35 countries and EU and FATF agree revised global cryptocurrency standards

in aml •  6 years ago 

Thirty-five countries and the European Commission have asked the Financial Action Task Force (FATF) to revise its standards related to cryptocurrencies, which is currently responsible for the development of global anti-money laundering (AML) policy. The group promised to revise the policy on money laundering in cryptocurrencies at the forthcoming G20 finance ministers' meeting.

FATF-meeting
According to the Yonhap news agency, members of 35 countries and two organizations "urged global institutions to improve their understanding of the risk of money laundering in crypto-currencies" at the FATF meeting held in Paris from February 18 to February 23.

According to FATF's website, the working group was established in 1989 as an intergovernmental body whose objective is to set standards and to promote the fight against money-laundering, terrorist financing and other threats.

FATF currently consists of 35 member jurisdictions and two regional organizations. China, France, Germany, India, Japan, South Korea, Russia, South Africa, Sweden, Turkey, the United Kingdom and the United States are the member of organizations for the European Commission and the Gulf Cooperation Council.
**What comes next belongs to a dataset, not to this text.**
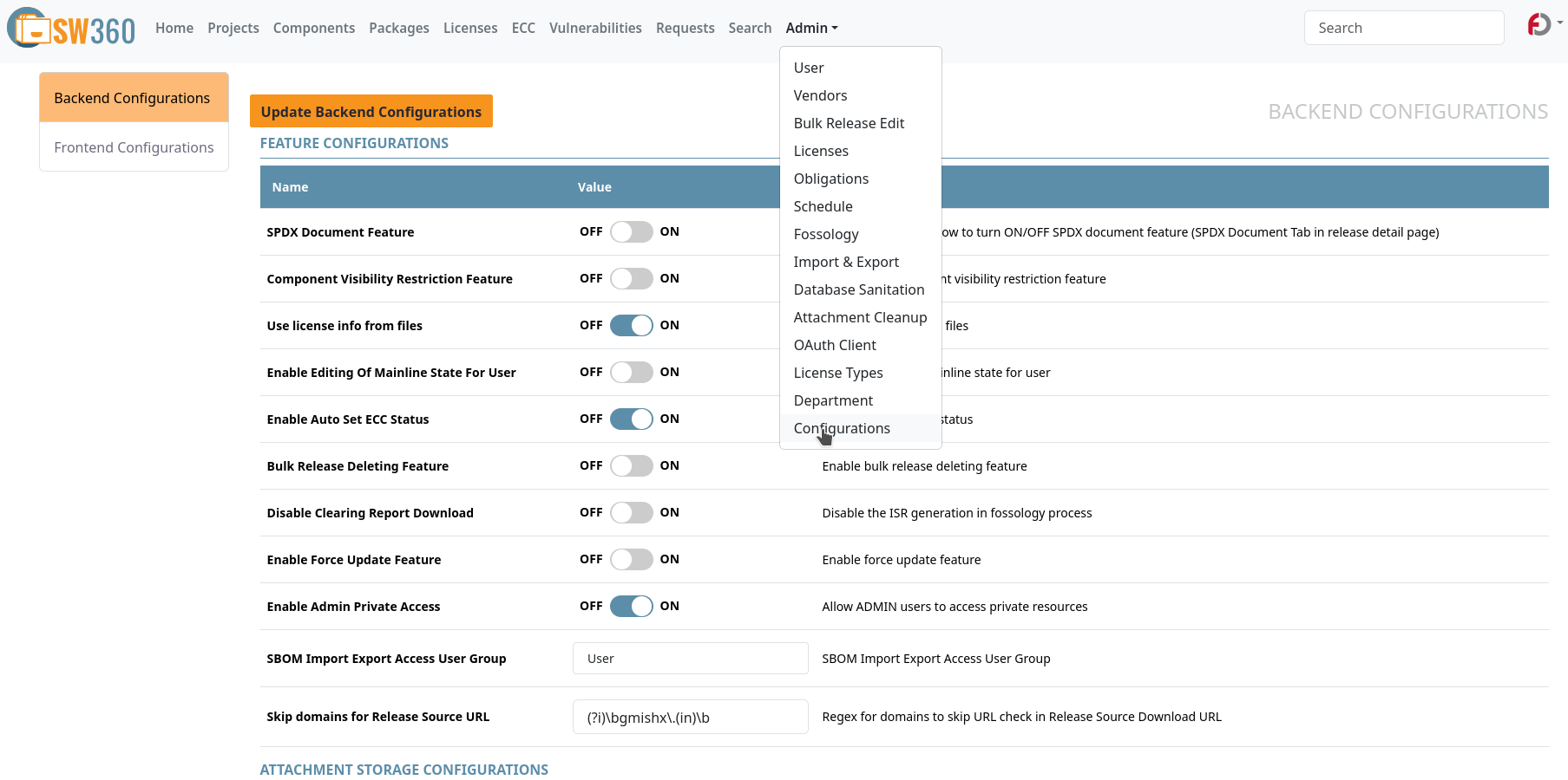 In SW360 v20, system administrators can manage most application settings directly through the user interface. This eliminates the need for manual configuration file edits for many standard adjustments.

In last week's meeting, Sedaily said "with the advent of e-wallets, member states are increasingly worried about the anonymity and the risk of money laundering in cryptocurrencies," while hybrid services obscure the identity of their owners. Hankyoreh further elaborates: "FATF discussed the need to revise its own international standards as well as plans to revise the virtual currency guidelines created in June 2015 and agreed to report on response measures at the G20 finance ministers' meeting in March."

In addition, the report states that my country was elected as the next Vice-Chairman at this meeting for a term from July 2019 to June 2020.
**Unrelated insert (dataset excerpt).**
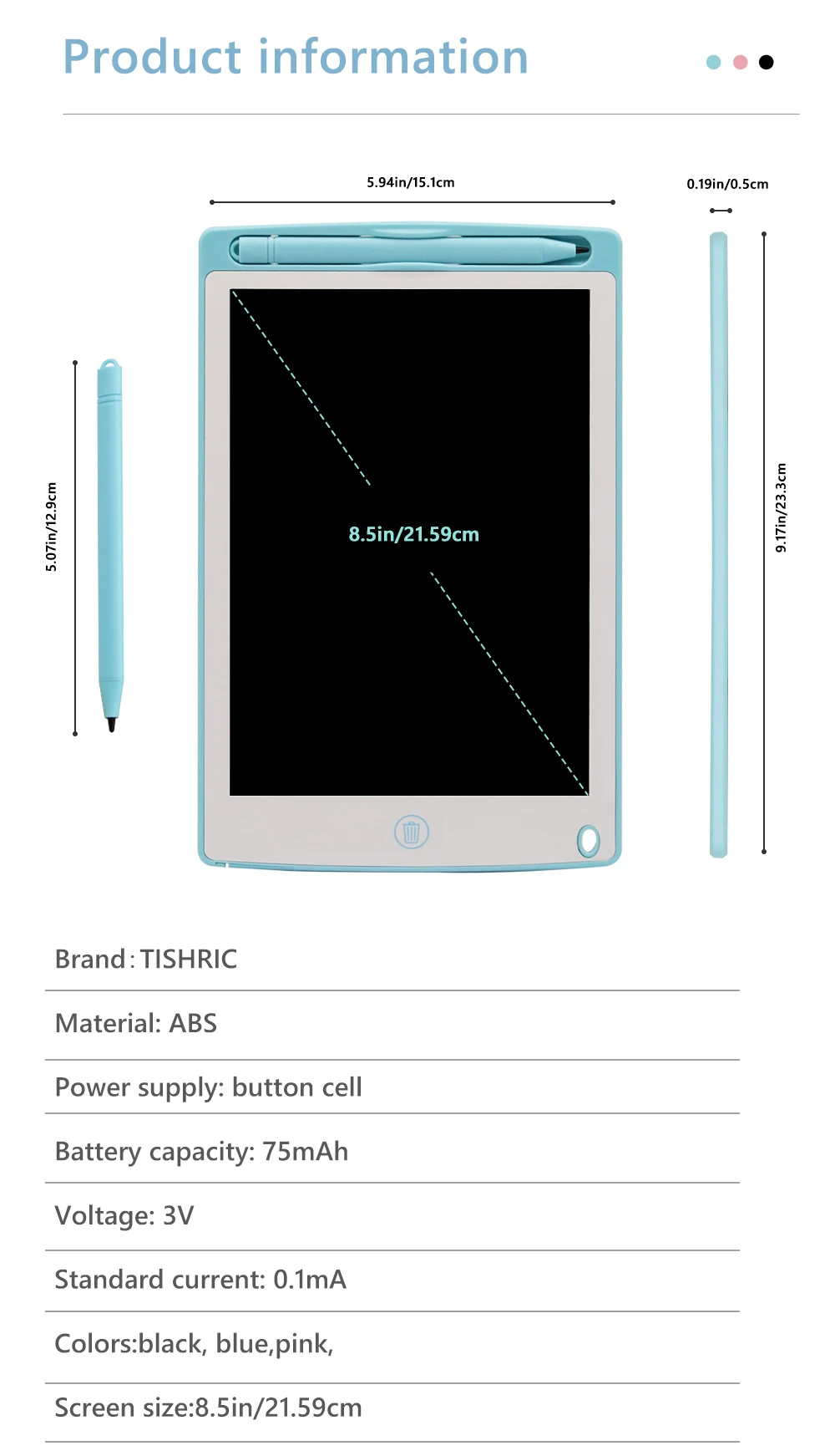 Графический планшет Tishric, 8,5 дюйма, цветной экран для рисования, детская электронная доска, ЖК-планшет для письма с стилусом, подарки

On Monday, South Korean officials said in a meeting, South Korea informed the FATF "obligations related to the trading of cryptocurrencies to address the problem of money laundering."
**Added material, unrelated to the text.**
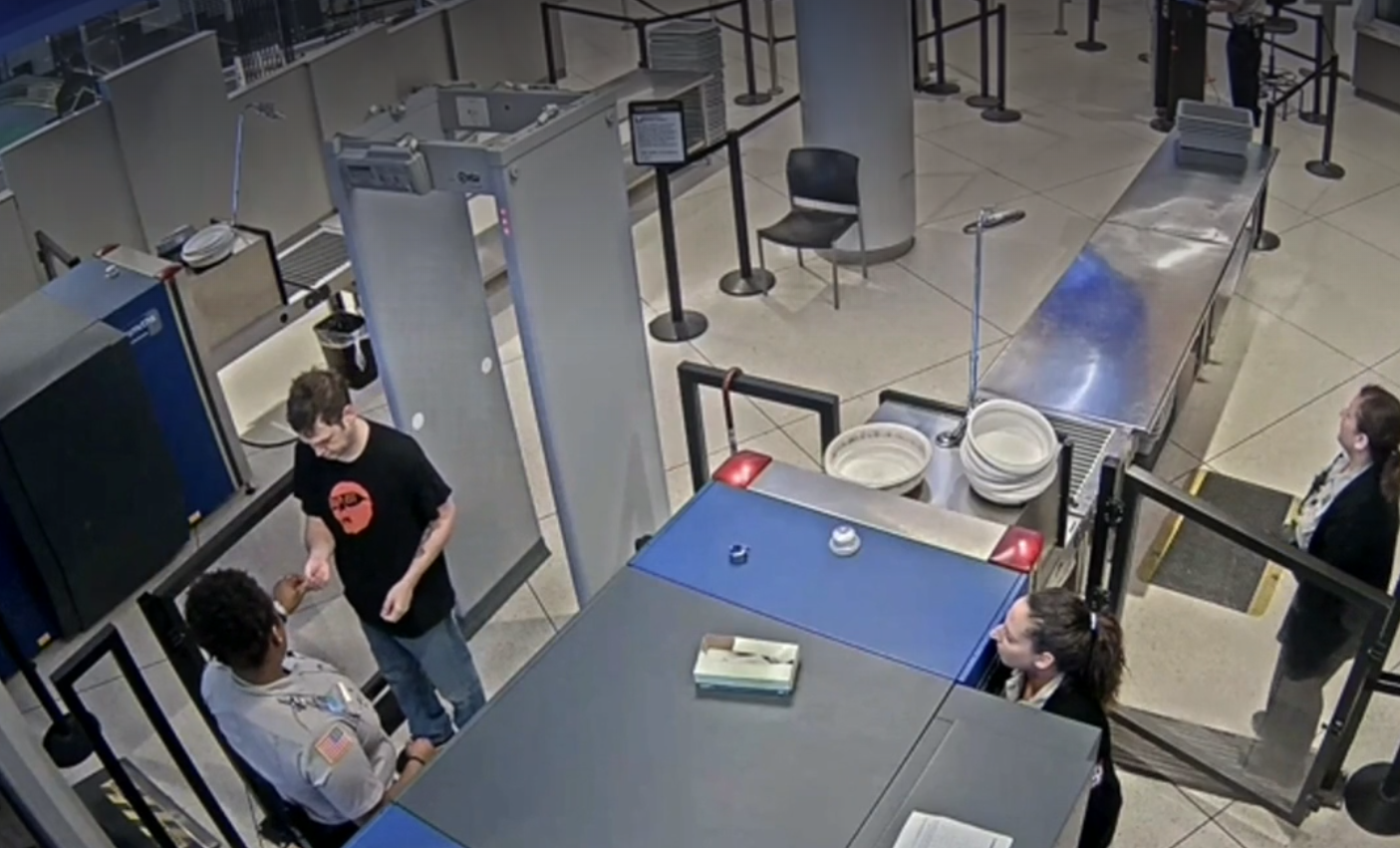 The incident was captured by the airport's security cameras. Strassner was able to request the footage through a Freedom of Information Act request.

In a statement, South Korea's Financial Services Committee (FSC) said that "FATF Korea is the first of its kind to protect against the laundering of anti-money laundering standards for encrypted currency transactions."

South Korea has banned cryptocurrencies trading anonymously and implemented a real-name system on January 30. The country's financial intelligence unit (FIU) also issued anti-money laundering guidelines for financial institutions. According to the Yonhap club, they need to properly verify their clients and add that they also have a duty to closely monitor financial transactions and "enhance customer due diligence" when they are involved in virtual currency-linked financial transactions using virtual accounts.